INFORMATION PROVIDED:
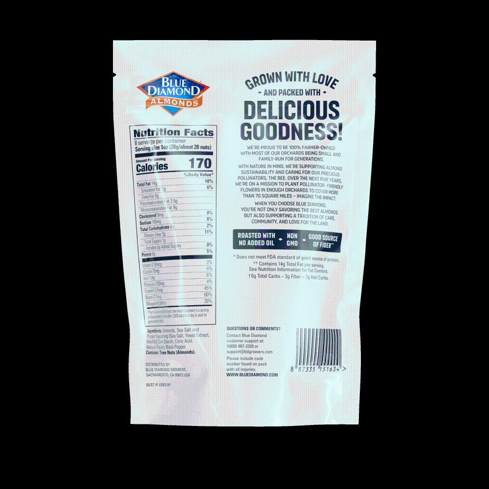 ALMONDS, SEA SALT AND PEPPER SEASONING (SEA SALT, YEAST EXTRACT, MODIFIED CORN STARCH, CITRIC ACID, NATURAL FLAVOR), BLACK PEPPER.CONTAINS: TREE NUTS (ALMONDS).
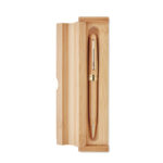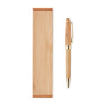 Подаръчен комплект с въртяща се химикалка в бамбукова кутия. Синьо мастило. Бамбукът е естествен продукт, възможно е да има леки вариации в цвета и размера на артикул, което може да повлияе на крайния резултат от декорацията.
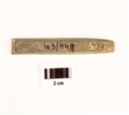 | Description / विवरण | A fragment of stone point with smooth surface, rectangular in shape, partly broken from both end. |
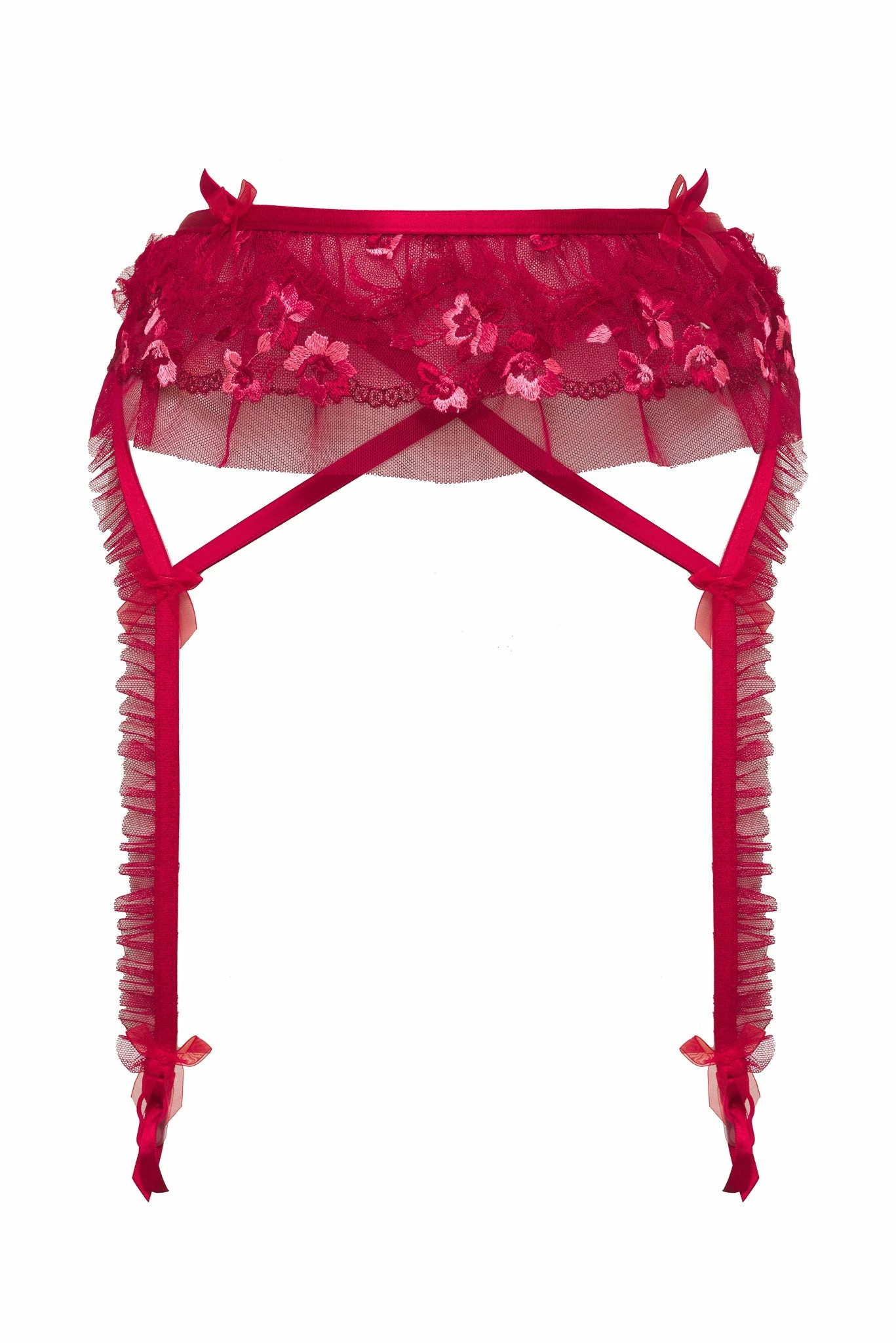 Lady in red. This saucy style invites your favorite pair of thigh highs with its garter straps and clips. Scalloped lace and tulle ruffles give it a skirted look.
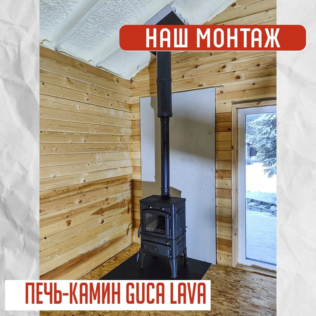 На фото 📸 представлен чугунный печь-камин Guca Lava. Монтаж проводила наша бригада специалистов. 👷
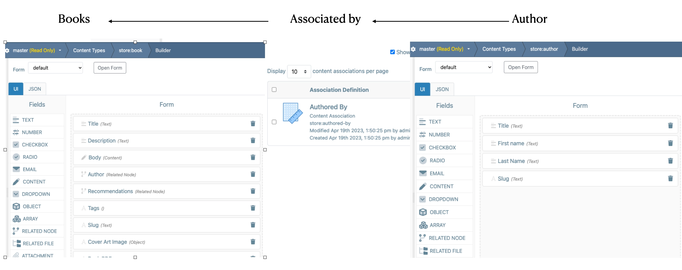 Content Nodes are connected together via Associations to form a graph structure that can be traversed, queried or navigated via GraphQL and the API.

==

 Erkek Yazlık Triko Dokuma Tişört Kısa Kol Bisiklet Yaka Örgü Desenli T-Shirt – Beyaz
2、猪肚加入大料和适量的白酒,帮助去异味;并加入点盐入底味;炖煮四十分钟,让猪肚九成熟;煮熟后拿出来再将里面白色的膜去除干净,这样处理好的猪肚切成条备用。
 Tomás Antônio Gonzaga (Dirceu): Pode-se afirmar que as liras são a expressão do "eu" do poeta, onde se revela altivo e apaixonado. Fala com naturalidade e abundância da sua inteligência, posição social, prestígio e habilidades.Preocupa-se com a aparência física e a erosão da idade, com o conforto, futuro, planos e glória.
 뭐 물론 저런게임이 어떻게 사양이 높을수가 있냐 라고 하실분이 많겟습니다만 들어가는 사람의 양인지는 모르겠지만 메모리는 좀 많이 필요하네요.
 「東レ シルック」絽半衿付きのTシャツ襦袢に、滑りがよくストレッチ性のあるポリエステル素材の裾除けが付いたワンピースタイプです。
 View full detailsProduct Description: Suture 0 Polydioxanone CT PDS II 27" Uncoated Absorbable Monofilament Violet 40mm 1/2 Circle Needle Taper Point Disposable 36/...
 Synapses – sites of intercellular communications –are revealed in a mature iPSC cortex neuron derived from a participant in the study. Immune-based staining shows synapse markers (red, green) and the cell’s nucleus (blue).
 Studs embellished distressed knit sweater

--

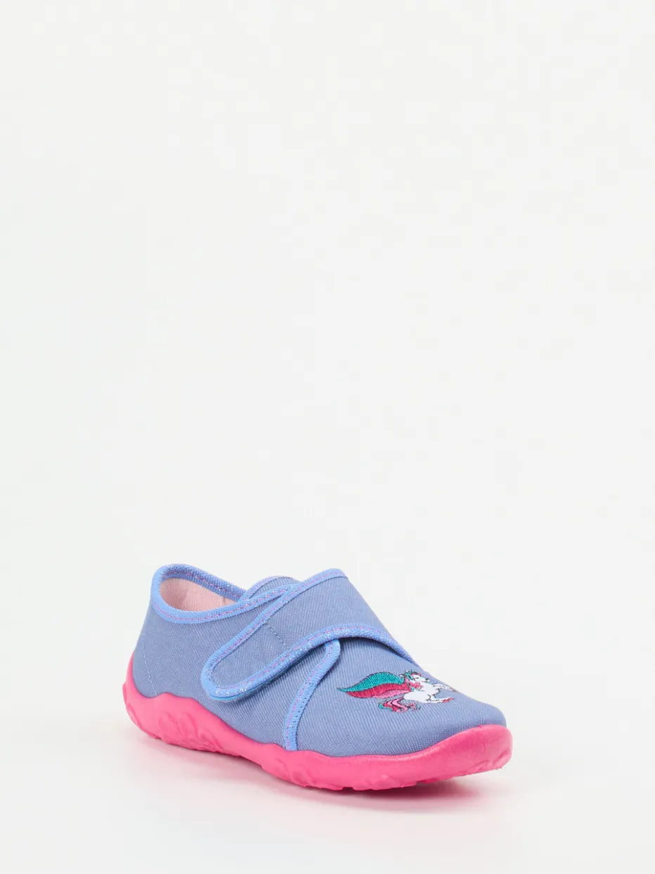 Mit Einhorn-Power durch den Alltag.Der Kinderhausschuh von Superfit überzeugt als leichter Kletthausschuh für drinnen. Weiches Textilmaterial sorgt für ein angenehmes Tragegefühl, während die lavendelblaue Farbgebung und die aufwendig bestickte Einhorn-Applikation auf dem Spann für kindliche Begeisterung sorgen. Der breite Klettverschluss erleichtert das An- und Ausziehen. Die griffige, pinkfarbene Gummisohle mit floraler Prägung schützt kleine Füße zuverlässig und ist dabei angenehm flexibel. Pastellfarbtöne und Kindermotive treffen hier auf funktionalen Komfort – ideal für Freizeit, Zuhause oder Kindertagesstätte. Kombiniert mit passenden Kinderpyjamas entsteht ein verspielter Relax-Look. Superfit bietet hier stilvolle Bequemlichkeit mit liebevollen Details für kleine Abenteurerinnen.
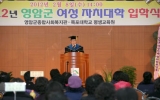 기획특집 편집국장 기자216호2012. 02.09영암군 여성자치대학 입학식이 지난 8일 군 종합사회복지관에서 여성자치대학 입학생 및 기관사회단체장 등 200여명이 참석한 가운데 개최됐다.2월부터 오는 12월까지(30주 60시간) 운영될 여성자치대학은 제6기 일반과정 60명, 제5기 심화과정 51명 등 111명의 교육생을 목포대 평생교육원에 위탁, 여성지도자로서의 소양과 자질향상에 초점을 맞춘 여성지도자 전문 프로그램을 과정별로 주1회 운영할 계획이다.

WHAT THE TASK ASKS:
From the records above, quote word for word only the lines beginning at the line that has "ALMONDS, SEA SALT" and stopping after the line that has "Content Nodes are". Omit the pictures.

WRITTEN SOLUTION:
 ALMONDS, SEA SALT AND PEPPER SEASONING (SEA SALT, YEAST EXTRACT, MODIFIED CORN STARCH, CITRIC ACID, NATURAL FLAVOR), BLACK PEPPER.CONTAINS: TREE NUTS (ALMONDS).
 Подаръчен комплект с въртяща се химикалка в бамбукова кутия. Синьо мастило. Бамбукът е естествен продукт, възможно е да има леки вариации в цвета и размера на артикул, което може да повлияе на крайния резултат от декорацията.
 | Description / विवरण | A fragment of stone point with smooth surface, rectangular in shape, partly broken from both end. |
 Lady in red. This saucy style invites your favorite pair of thigh highs with its garter straps and clips. Scalloped lace and tulle ruffles give it a skirted look.
 На фото 📸 представлен чугунный печь-камин Guca Lava. Монтаж проводила наша бригада специалистов. 👷
 Content Nodes are connected together via Associations to form a graph structure that can be traversed, queried or navigated via GraphQL and the API.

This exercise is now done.